Kinderen, geboren in een complexe thuissituatie kunnen zich moeilijk verbinden met hun omgeving.
Een traumatische kindertijd heeft grote invloed op de ontwikkeling. Kinderen, geboren in een complexe thuissituatie kunnen zich moeilijk verbinden met hun omgeving. Ze zijn vaak gespannen, lijden aan een negatief zelfbeeld en trekken zich gemakkelijk terug. Ze worden depressief of rusteloos, geven het op of worden een zoeker. Omdat ze vaak niet goed verbonden zijn met hun lichaam staan ze meer open voor die ‘andere dimensie’, voor de werkelijkheid buiten het alledaagse.
Al deze kenmerken zien we in de jonge Jezus terug.
De tocht van het hart
Een rusteloos kind, overgelaten aan zichzelf, zoekt Jezus zijn eigen weg in een godsdienst waarvan de regels hem buitensluiten.

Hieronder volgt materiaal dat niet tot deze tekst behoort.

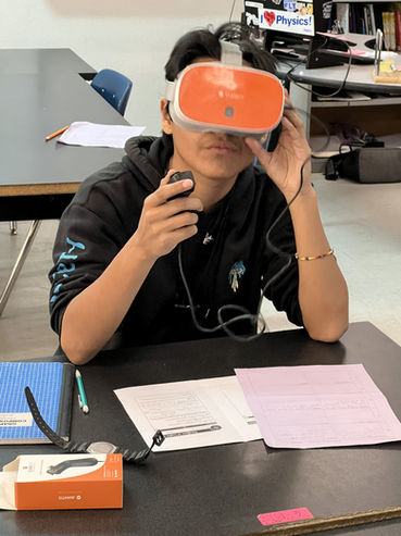 In physics students used the headsets to explore the difference between waves of sound and light, and then looked into the production of electricity by exploring several types of power plants from nuclear, fossil fuel, hydroelectric, tidal, and solar.
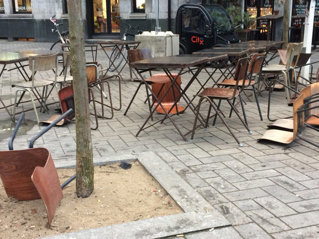 Student Barbara Marques mist een belangrijke dag op de Universiteit Utrecht. Ze was op weg vanuit station Sloterdijk, maar haar trein reed niet verder. “We stopten op Centraal. De belofte was dat we tien minuten later wel verder zouden rijden, maar dat gebeurde maar niet. Uiteindelijk moesten we toch uitstappen.” Wat nu? “I call it a day.” Universiteit Utrecht heeft laten weeten dat er vandaag geen aanwezigheidsplicht meer geldt en tentamens niet vandaag gemaakt hoeven te worden. Een aantal cafeetjes zoals de Ster, dat nu enkele dakpanelen mist, panikeren niet om de afwezigheid van de klanten. “Dat komt wel, ze moeten zich toch nog een keer opwarmen”, zegt een rokende man voor de deur.
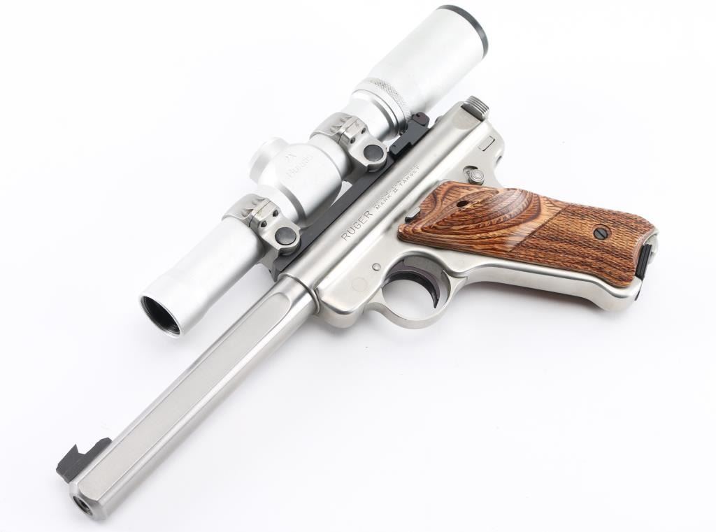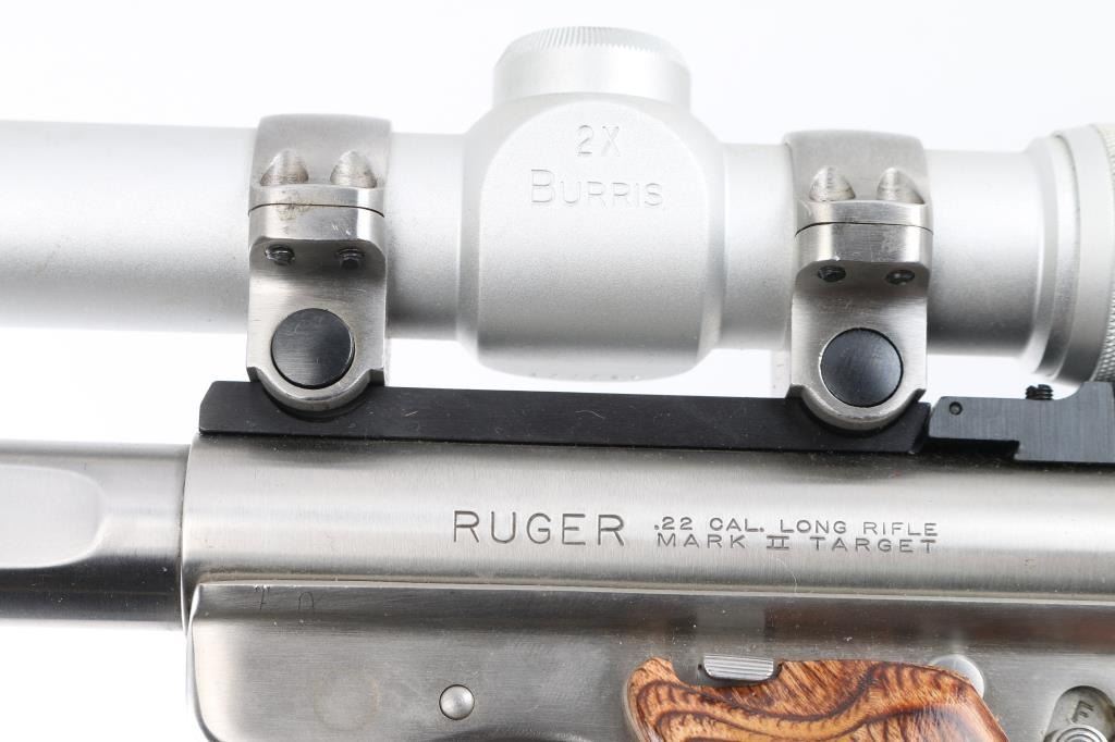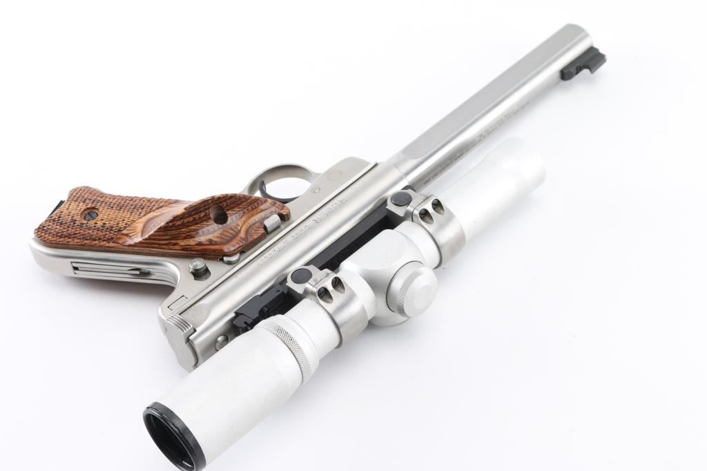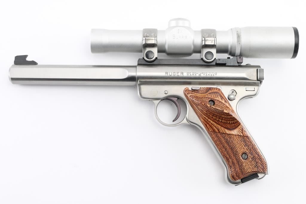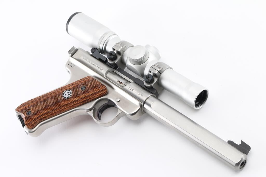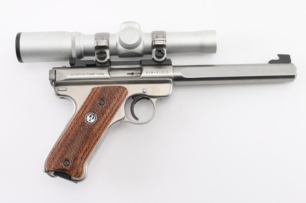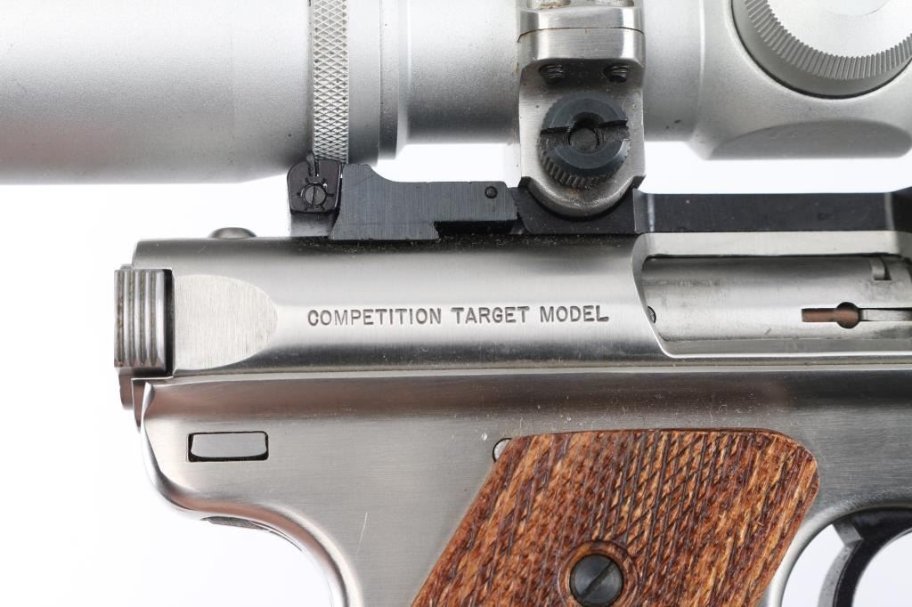 'Competition Target Model" American made semi-auto pistol chambered for .22 LR ammunition. It features stainless steel barrel and action, 7" slab side barrel, raised blade front sight, adjustable rear sight, alloy frame, serrated trigger, checkered wood target grips with thumb rest, and Ruger medallion on right grip. Comes with one 10 round factory magazine. Mounted with a Burris 2X scope, clear optics, Bore is excellent/bright. Metal finish looks great. Grips are fine. Condition is NRA Excellent. Modern Firearm.

Hij lijdt aan zijn situatie, is eenzaam, verongelijkt. Hij is op zoek naar verbinding en gerechtigheid. Het zijn deze gevoelens die hem, samen met een sterk verlangen ergens bij te horen, voortdrijven. En hij heeft niets te verliezen. Niets staat hem in de weg om zijn passie en verlangen te volgen.
En hij heeft niets te verliezen. Niets staat hem in de weg om zijn passie en verlangen te volgen.

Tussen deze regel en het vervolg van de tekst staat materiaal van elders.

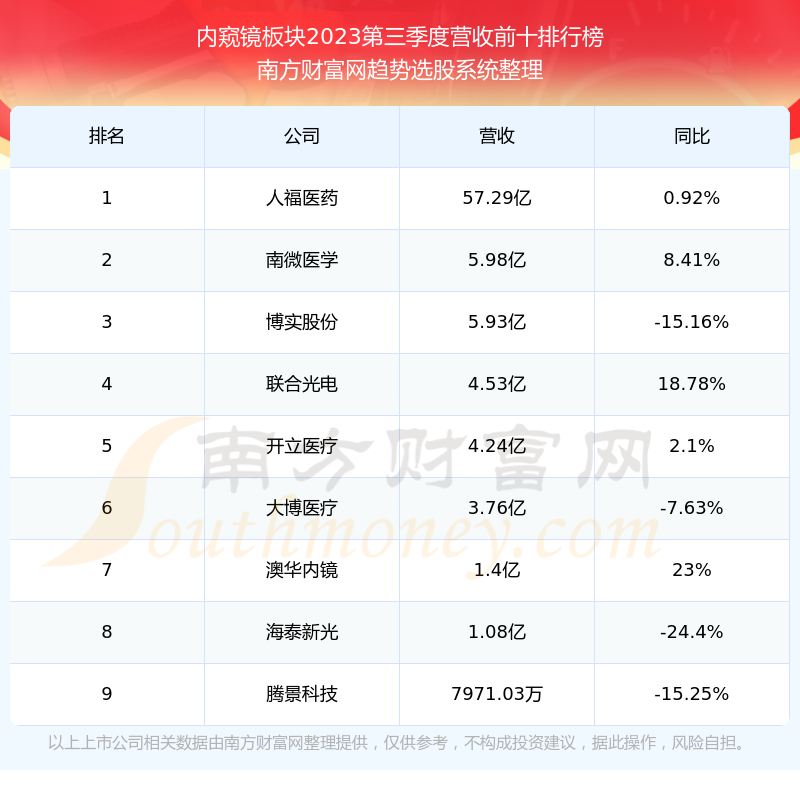 按照南方财富网趋势选股系统统计,该股所属板块为内窥镜板块,该板块共有9只股票,澳华内镜2023第三季度营收在该板块中排名为第7名,该板块2023第三季度营收排名前十的股票如下表:
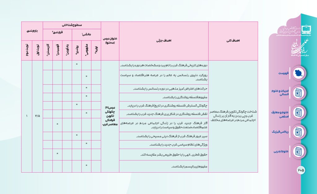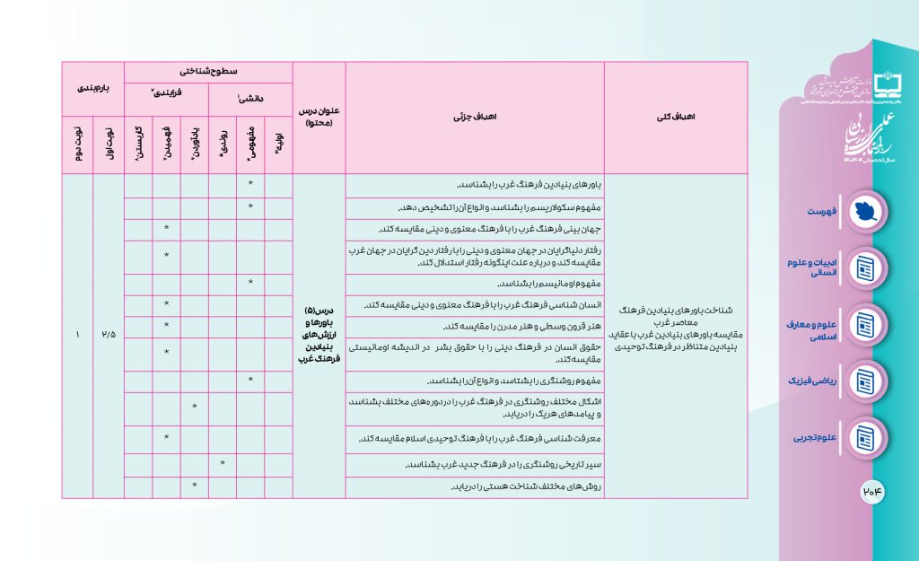 - درس پنجم: باورها و ارزشهای بنیادین فرهنگ غرب – ۱ نمره
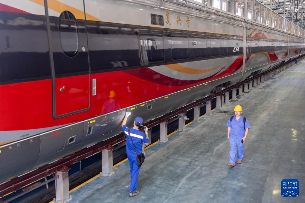 9月26日,工作人员在上海动车段虹桥动车所检修复兴号列车。
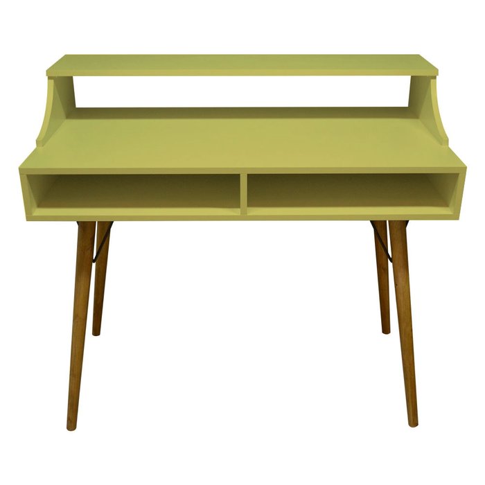 Escrivaninha Penteadeira Vazada Nicho Aparador Pé Palito Retro Madeira MDF 78x100x50cm - Amarelo Amarelo
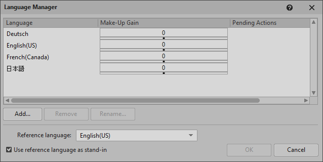 With the Language Manager, you can define the languages used for localization and set a Make-Up Gain (volume offset) for each. You can also set the stand-in reference language. 「Localizing your project」 を参照してください。After a language is defined, you can add audio sources for it. 「Importing language files」 を参照してください。

Jezus ontwikkelt een fascinatie voor God-de-Vader, prominent aanwezig in de Joodse religie. Zijn verlangen naar dat contact, naar die verbinding met zijn Abba, doet deze Vadergod naar hem uitreiken.

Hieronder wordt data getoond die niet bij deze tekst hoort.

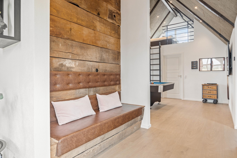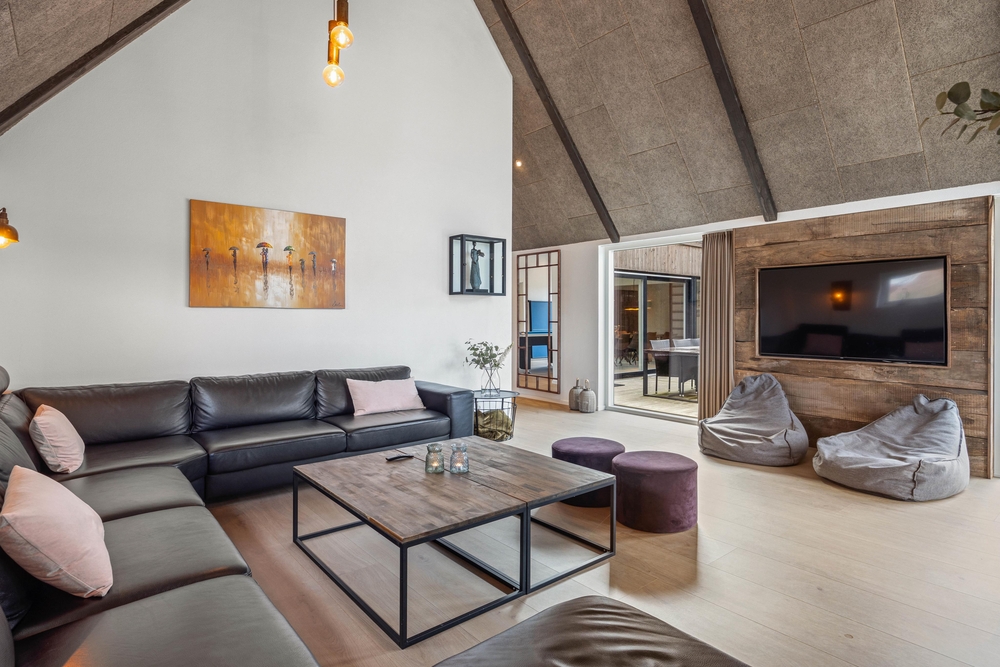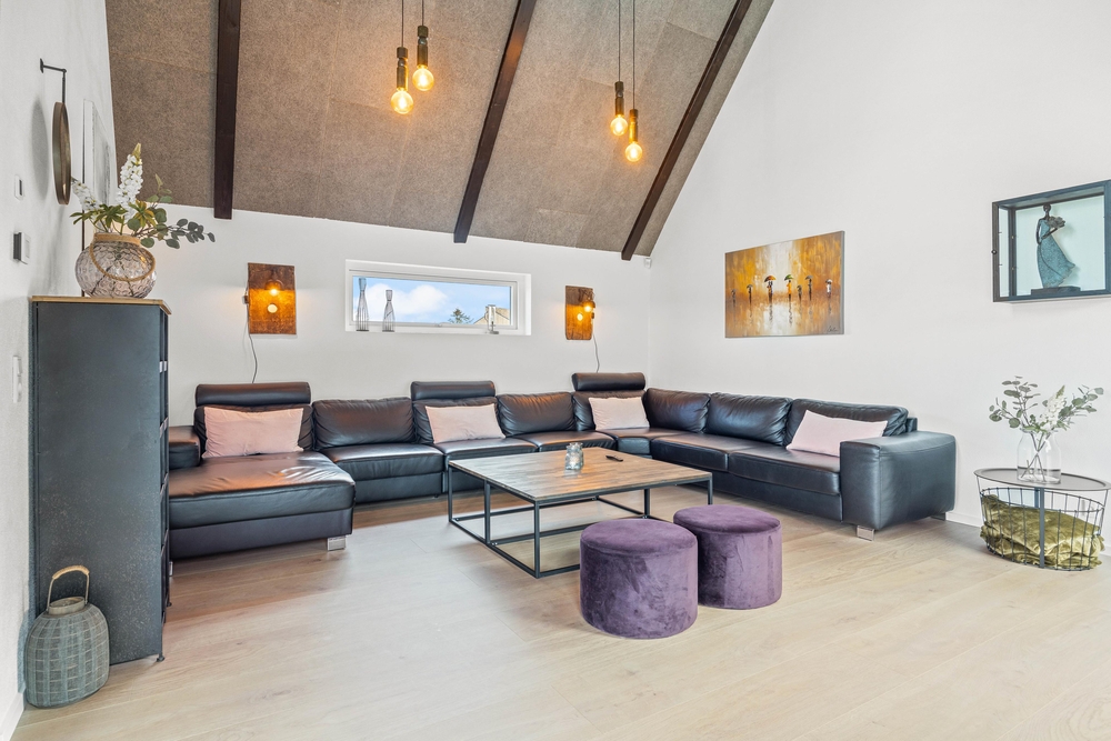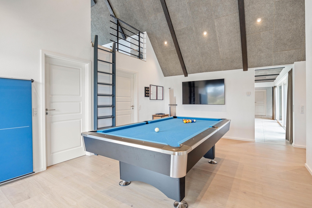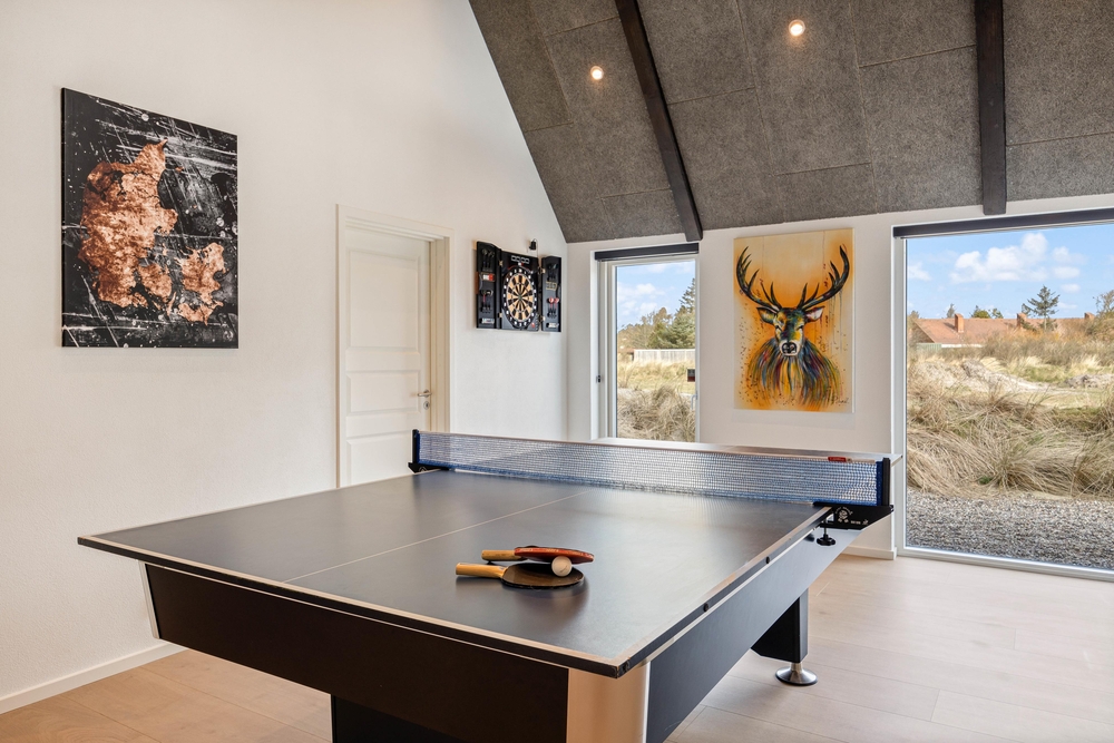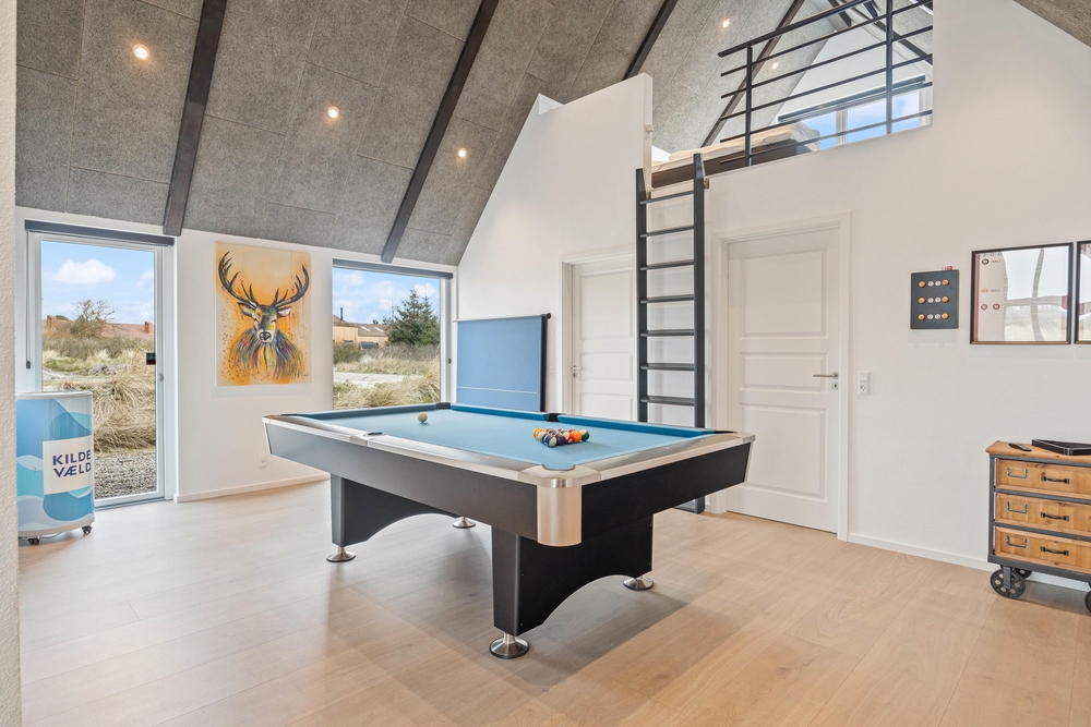 Sommerhuset på Sønder-Vasevej 2B byder på alt det udstyr, som I har brug for på en ferie og mere til. I det store opholdsrum er der højt til loftet, og de flotte kvalitetsmøbler indbyder til afslapning og fælles hygge. Ved siden af opholdsrummet ligger det store aktivitetsrum, hvor I kan afholde små turneringer i både billard og bordtennis.

Als Jezus op 12-jarige leeftijd de tempel in Jeruzalem bezoekt, weet hij waar hij thuishoort. Hij verlaat zijn familie en vindt zijn leraar Johannes de Doper.
Zuivering
Johannes de Doper heeft zijn domicilie in het ruige landschap aan de oevers van de Jordaan. Daar laat hij zijn volgelingen afdalen in het ijskoude water van de Jordaan: een proces van zuivering.
Zuivering is een belangrijk thema in de Joodse cultuur en deze vindt plaats door onderdompeling in een wilde rivier, een stil meer of in de waterbekkens aan de voet van de tempel, waarvoor je moet betalen. Zonder onderdompeling geen toegang tot de tempel.
Johannes riep in het proces van purificatie zijn volgelingen op om zich af te wenden van de wereld en zich tot God te keren. En als ze daar stonden in het ijskoude water, in wind en regen of in de brandende zon, reciteerde Johannes teksten uit de Bijbel. En de klanken vermengden met de geluiden van water en wind.
Wakker
Je wordt eerder wakker in de ijskoude, snelstromende rivier temidden van de elementen dan in een bassin bij de tempel. Veel mensen ervaren de andere dimensie – God of de Bron – gemakkelijker in de natuur. Hier valt de dagelijkse druk van het leven eerder van je af.
Hier valt de dagelijkse druk van het leven gemakkelijk van je af.
Het is niet moeilijk ons voor te stellen wat deze omgeving met Jezus doet. Hier doet zijn afkomst er niet toe. Hier vindt hij gezelschap, is hij een van hen.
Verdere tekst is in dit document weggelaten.